The Bid to Eliminate Dollar Bills

For lawmakers looking for ways to cut the projected $1.6 trillion deficit, David DuGoff has an idea: dollar coins. DuGoff, the owner of College Park Car Wash in Maryland, is a member of a new coalition, the Dollar Coin Alliance. The group's goal: outlawing dollar bills and replacing them with coins. Signing on to the cause is an odd mix of car wash owners and others who rely on vending machines that often reject paper bills; Brink's, the armored transport company that offers coin sorting and wrapping services; and mining companies, which would benefit from greater demand for metal.

DuGoff has been preaching the primacy of coinage for almost a decade. He argues that the current mood for deficit reduction makes this time different. The alliance is seizing on a report released earlier this month by the U.S. Government Accountability Office, Congress's investigative arm, that found using metal dollars instead of paper ones would save the government $5.5 billion over the next 30 years, since it earns revenue on the difference between the coins' production costs and their face value.
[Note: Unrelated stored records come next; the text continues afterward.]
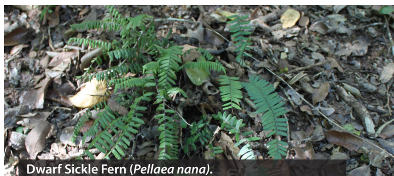
Dwarf Sickle Fern ( Pellaea nana ).

Designed and produced by Healthy Land & Water, a community based, not-for-profit organisation that works to protect and restore the natural resources of South East Queensland. Visit www.hlw.org.au
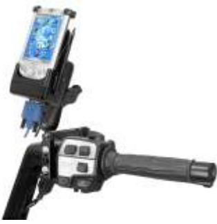
RAM-B-174-CO4P RAM BRAKE/CLUTCH RESERVOIR POWERED DOCK FOR THE HP IPAQ 1900 & 4100 SERIES
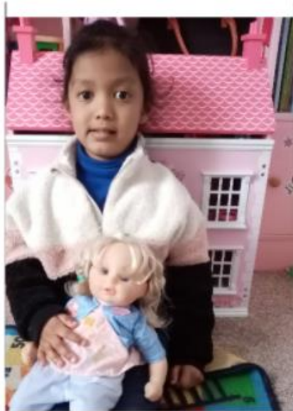
Me and my doll are in front of my doll house.
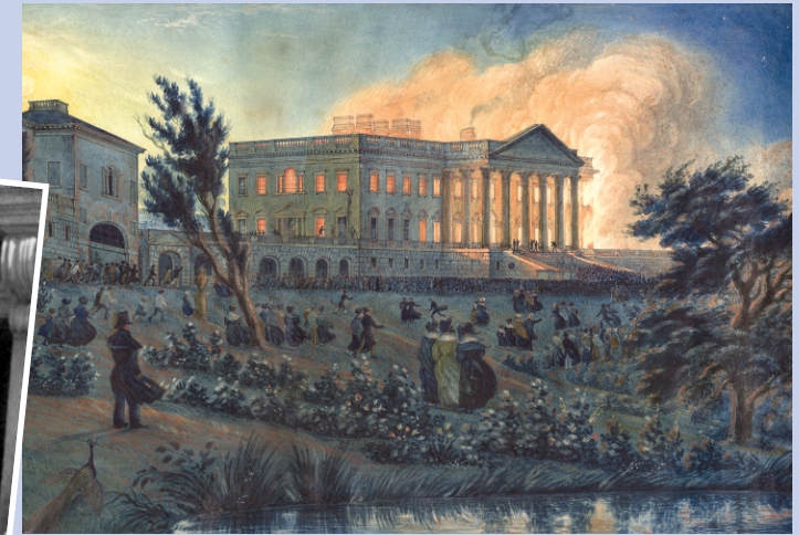
The fire of 1836 from a picture at Prior Park.
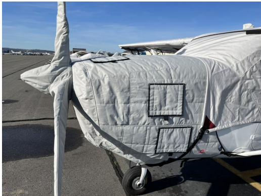
Cessna 210 Winter Cover Set
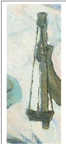
The Apocalyptic Steelyard

‘And I heard a voice in the midst of the four beasts say, A measure of wheat for a penny, and three measures of barley for a penny and see thou hurt not the oil and the wine’
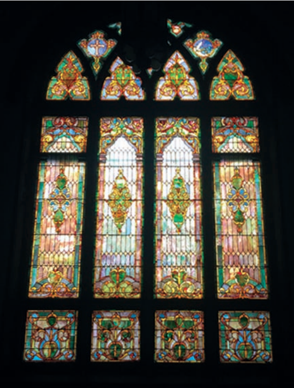
ABOVE: Albright's parishioners miss the sunlight streaming through stained glass in their beloved old house of worship at 486 S. Graham St.
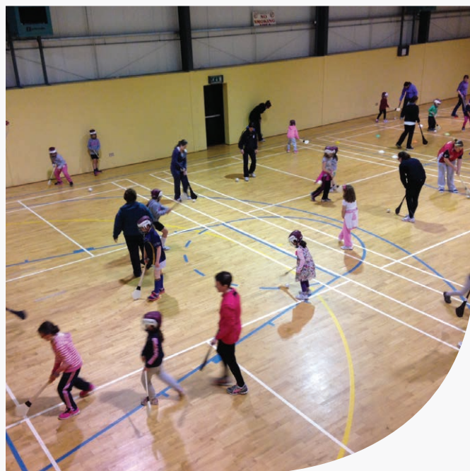
Mum and Me programme, Longford.
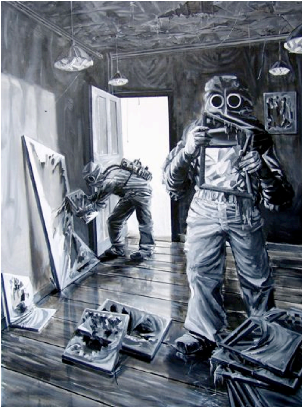
Thought Experiment 8 , 2008, oil on canvas , 180 x 130 cm
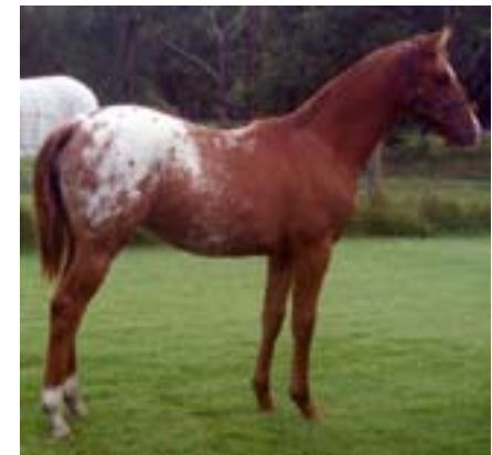
Little Miss Behavin
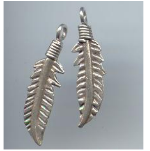
NS 145 1.9 gr
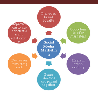
Fig: 1. Depicting Social Media Marketing Benefits

These benefits had made social media as the integral part of online business. Social media tries to give the opportunity to develop a healthy relationship with the customers and learn about positive and negative experiences that the company had with their products or services and further make improvements to the key areas of their business.
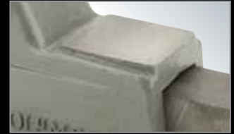
LARGE POLISHED ANVIL
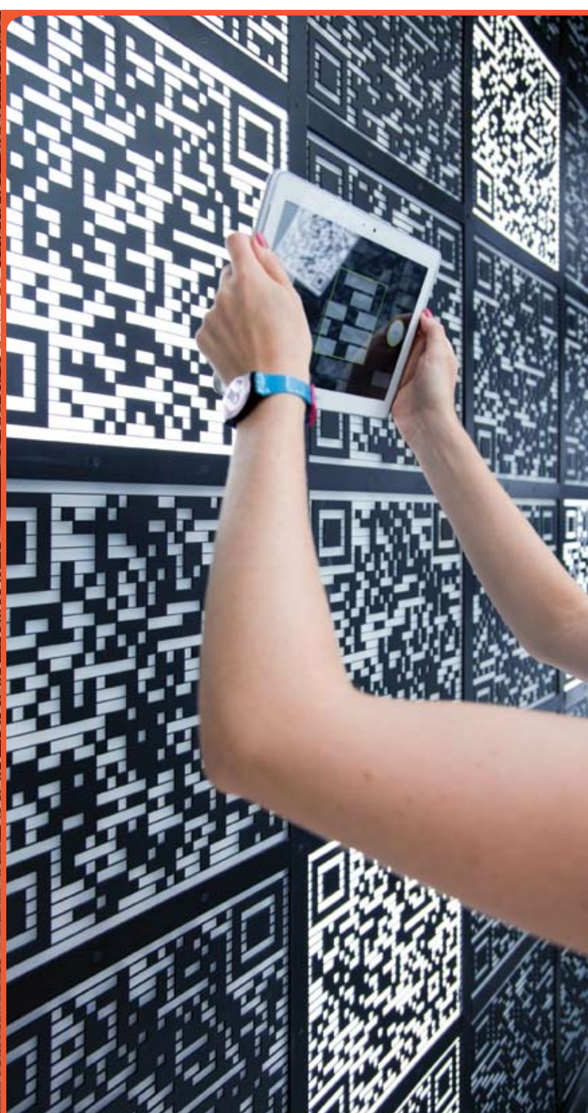
SPEECH TCHOBAN & KUZNETSOV QR-code tiles lining the interior of the Russian Pavilion. ➤
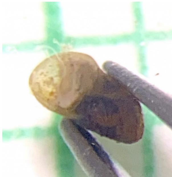
Fig. 3. Trumpet Ram's-horn ( Menetus dilatatus) from Frittenden, Kent.

noting that four of the new VC records came via iRecord (one of them via iNaturalist) which shows how useful these sources can be to the Scheme.
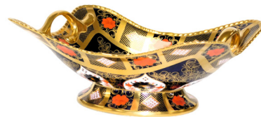
A Royal Crown Derby Imari gold ground porcelain basket , of twin handled, footed form, pattern no. 1128, 28.5cm wide. SOLD for £725
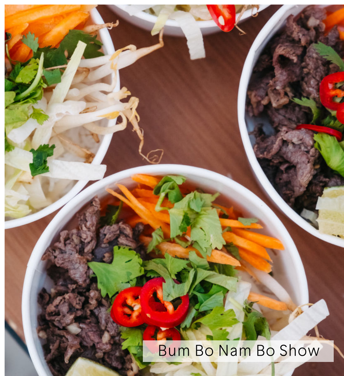
Bum Bo Nam Bo Show
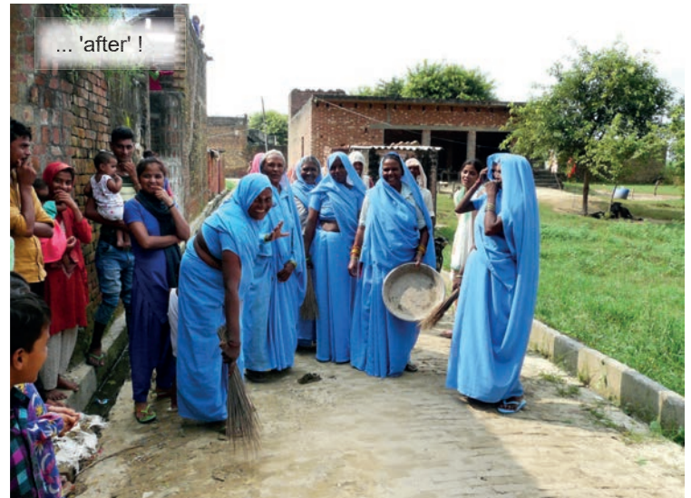
... 'after' !

get the work done. As they expected, the SDM listened to them and agreed to do the needful without delay. Indeed, the Pradhan was forced to start the work.
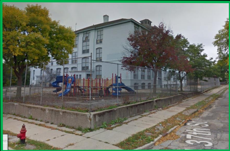
View northwest from West Walnut St and North 37th St
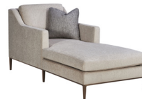
Two Arm Chaise
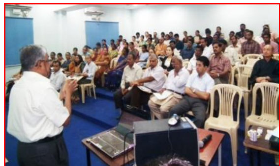
JLPT 2010 (December) – Proctors Meeting in Progress

The New Japanese Language Proficiency Test, (JLPT) will be held twice a year on the first Sunday of July & December Annually. Our centre has been identified for conducting the Japanese Language Proficiency Test for N1, N2 , N3, N4 & N5 for entire South India on 5 th December 2010.

That translates to about $184 million annually, an amount that the coalition concedes won't balance the budget but isn't pocket change, either. Citizens Against Government Waste, a prominent group of budget hawks, has joined the campaign. "This cuts across party lines," says Shawn Smeallie, the alliance's lobbyist and a former aide to President George H.W. Bush. "For a Republican, you are not raising one tax. And for Democrats, you are not cutting one program."